Rheumatoid Arthritis, Psoriatic Arthritis, Ankylosing Spondylitis:
• 40 mg every other week. 
• Some patients with RA not receiving methotrexate may benefit from increasing the frequency to 40 mg every week.

Juvenile Idiopathic Arthritis:
• 15 kg (33 lbs) to < 30 kg (66 lbs): 20 mg every other week
• ≥ 30 kg (66 lbs): 40 mg every other week

Adult Crohn's Disease and Ulcerative Colitis:
• Initial dose (Day 1): 160 mg (four 40 mg injections in one day or two 40 mg injections per day for two consecutive days)
• Second dose two weeks later (Day 15): 80 mg
• Two weeks later (Day 29): Begin a maintenance dose of 40 mg every other week.
• For patients with Ulcerative Colitis only: Only continue HUMIRA in patients who have shown evidence of clinical remission by eight weeks (Day 57) of therapy.

Pediatric Crohn's Disease
• 17 kg (37 lbs) to < 40 kg (88 lbs):

• Initial dose (Day 1): 80 mg (two 40 mg injections in one day)
• Second dose two weeks later (Day 15): 40 mg
• Two weeks later (Day 29): Begin a maintenance dose of 20 mg every other week.

• ≥ 40 kg (88 lbs):

• Initial dose (Day 1): 160 mg (four 40 mg injections in one day or two 40 mg injections per day for two consecutive days)
• Second dose two weeks later (Day 15):80 mg (two 40 mg injections in one day)
• Two weeks later (Day 29): Begin a maintenance dose of 40 mg every other week.

Plaque Psoriasis
• 80 mg initial dose, followed by 40 mg every other week starting one week after initial dose.
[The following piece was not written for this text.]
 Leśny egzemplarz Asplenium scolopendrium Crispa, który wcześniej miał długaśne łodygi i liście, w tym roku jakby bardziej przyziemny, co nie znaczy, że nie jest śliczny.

Most common adverse reactions (incidence >10%): infections (e.g. upper respiratory, sinusitis), injection site reactions, headache and rash.
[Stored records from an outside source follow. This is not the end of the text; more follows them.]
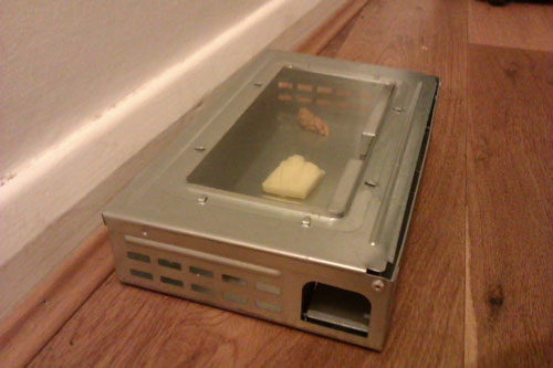 Please enter and make yourself at home. Feel free to have some of the peanut butter and cheese we have left for you. We promise that if you enter we won't hurt you. We will release you in a beautiful park - it has a nice café where I'm sure you'll find lots of food scraps.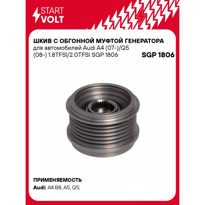 Шкив с обгонной муфтой генератора для автомобилей Audi A4 (07-)/Q5 (08-) 1.8TFSI/2.0TFSI Характеристики: Артикул: SGP 1806 OEM номера: 06J903119, 06H903201H, 06H903201D, 06H903201C, 06H903119B, 06H903119A, 06H903119, 06A903119, 535 0210 10 Длина, мм: 41,6 Внутренний диаметр, мм: 17 Наружный диаметр, мм: 56 Количество ручьев: 6 Вылет шкива, мм: 12,4 Внутренняя резьба: M16x1,5 Количество на автомобиль: 1 Подходит для авто: Audi A4 B8 (07-), A5 (07-), Q5 (08-) Для проверки применяемости отправьте VIN автомобиля через вкладку "Есть вопросы о товаре?" Гарантия: от 1 года.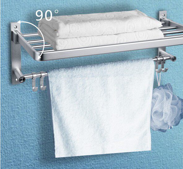 Silver dragon space aluminum movable towel rack Bath towel rack folding with hook single double-layer bathroom bathroom pendant never rust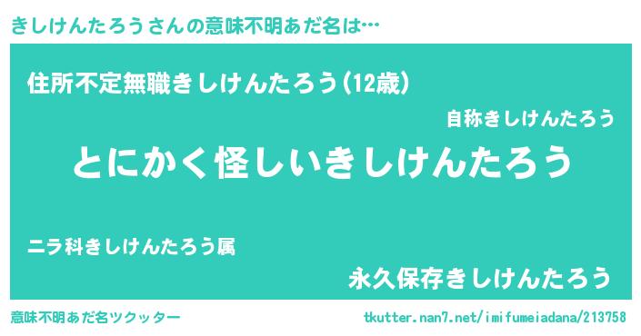 | ポケモン風あだ名 | 『ヒキシケンタロウ』『キーシイ』 |
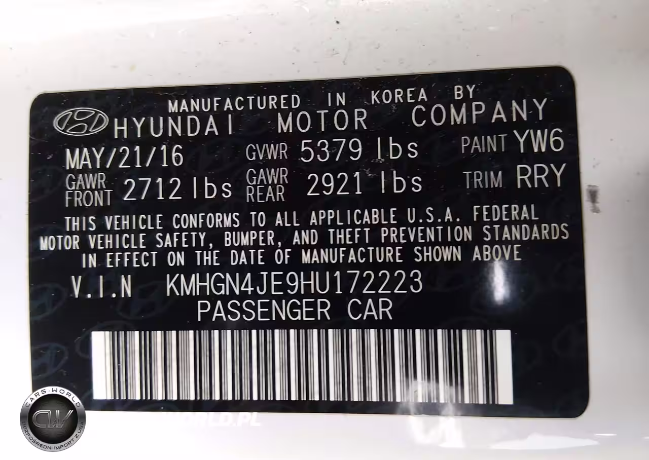 IAAI Nr: I-44416396 VIN: KMHGN4JE9HU172223 Port: Los Angeles, CA

• Serious infections: Do not start HUMIRA during an active infection. If an infection develops, monitor carefully, and stop HUMIRA if infection becomes serious.
• Invasive fungal infections: For patients who develop a systemic illness on HUMIRA, consider empiric antifungal therapy for those who reside or travel to regions where mycoses are endemic.
• Malignancies: Incidence of malignancies was greater in HUMIRA treated patients than in controls.
• Anaphylaxis or serious allergic reactions may occur.
• Hepatitis B virus reactivation: Monitor HBV carriers during and several months after therapy. If reactivation occurs, stop HUMIRA and begin anti-viral therapy.
• Demyelinating disease: Exacerbation or new onset, may occur.
• Cytopenias, pancytopenia: Advise patients to seek immediate medical attention if symptoms develop, and consider stopping HUMIRA.
• Heart failure: Worsening or new onset, may occur.